Jim Harding and his father, Bill Harding, contributed to peace by opposing uranium mining for weapons.

Bill Harding was born in 1911 in Moose Jaw, Saskatchewan. He held a BSc in Agriculture form the Manitoba Agricultural College in Winnipeg. Harding’s career began at the Swift Current Experimental Station (1934-1936) and the Prairie Farm Rehabilitation Act Administration (PFRA) (1937-1941), where he performed agricultural extension work and field husbandry research.

Bill Harding had an extensive career as an agriculturalist, civil servant, international development worker, and community activist.
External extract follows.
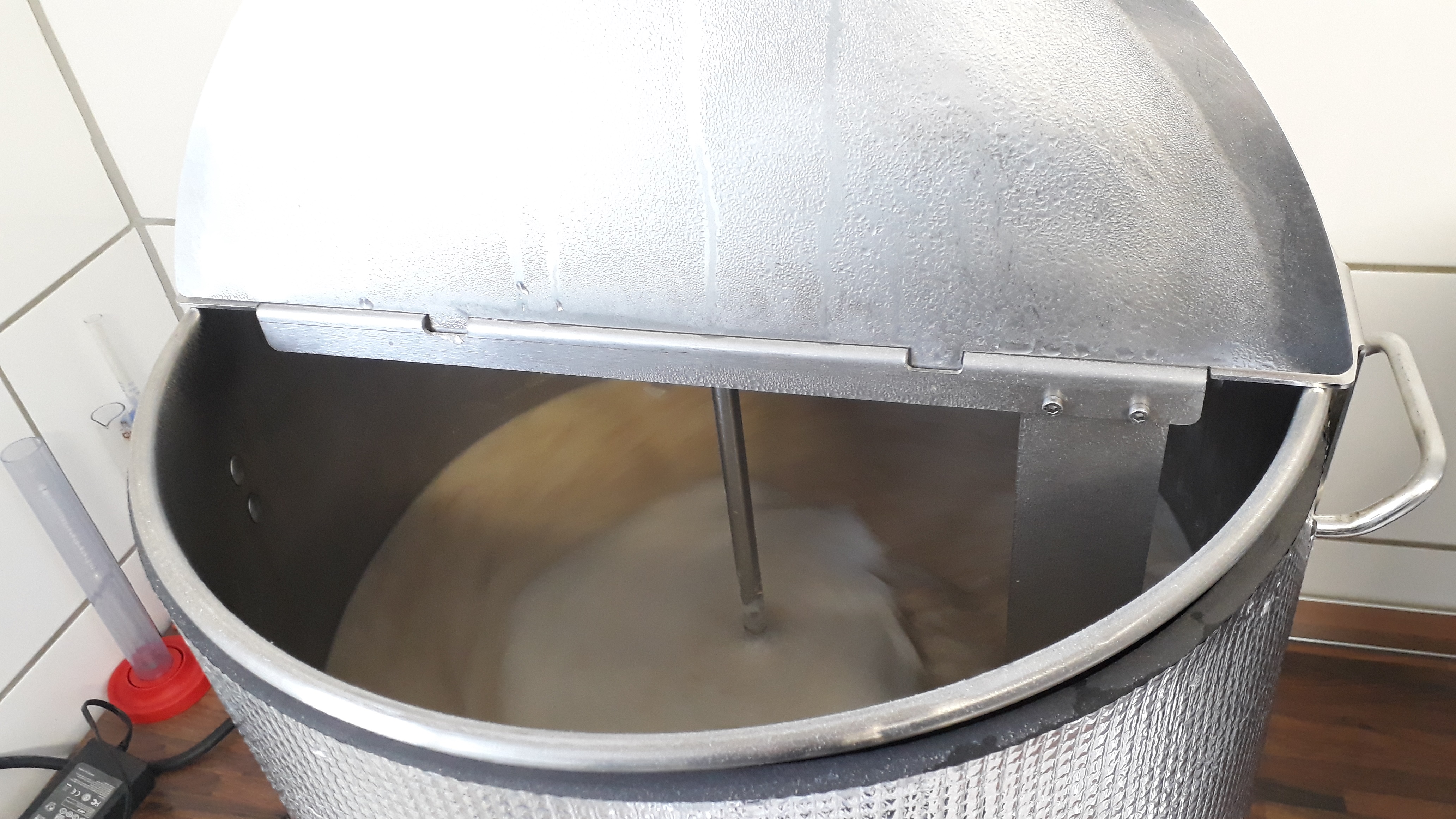 Hmm. 50°C Einmaischtemperatur hätten es sein sollen. Irgendwo stimmte da was in der Berechnung nicht. Der KBH sagte mir 54°C bei Berücksichtigung von ca. 9KG Malz mit 12,8°C ergeben 50°C. Nun sind es 52°. Das ist nicht das erste Mal. Ich muss das definitiv mal unter die Lupe nehmen. Da nun eh direkt auf 63°C hochgeheizt wird, hoffentlich keine große Änderung am fertigen Bier.

In 1942 he moved to Calgary, Alberta, where he was employed as an administrator and accountant for the Calgary Exhibition and Stampede. Returning to Saskatchewan in 1945, he became the Acting Director of the Adult Education division of the Saskatchewan government, established the Radio and Information Division of Department of Agriculture; and served on the Saskatchewan Royal Commission on Agriculture and Rural Life, among others.

From 1952-1957 he served as Secretary to the Saskatchewan Royal Commission on Agriculture and Rural Life, and was Secretary of the Saskatchewan Local Government Continuing Committee and Secretary of the Board of Directors of the Centre for Community Studies from 1958-1961.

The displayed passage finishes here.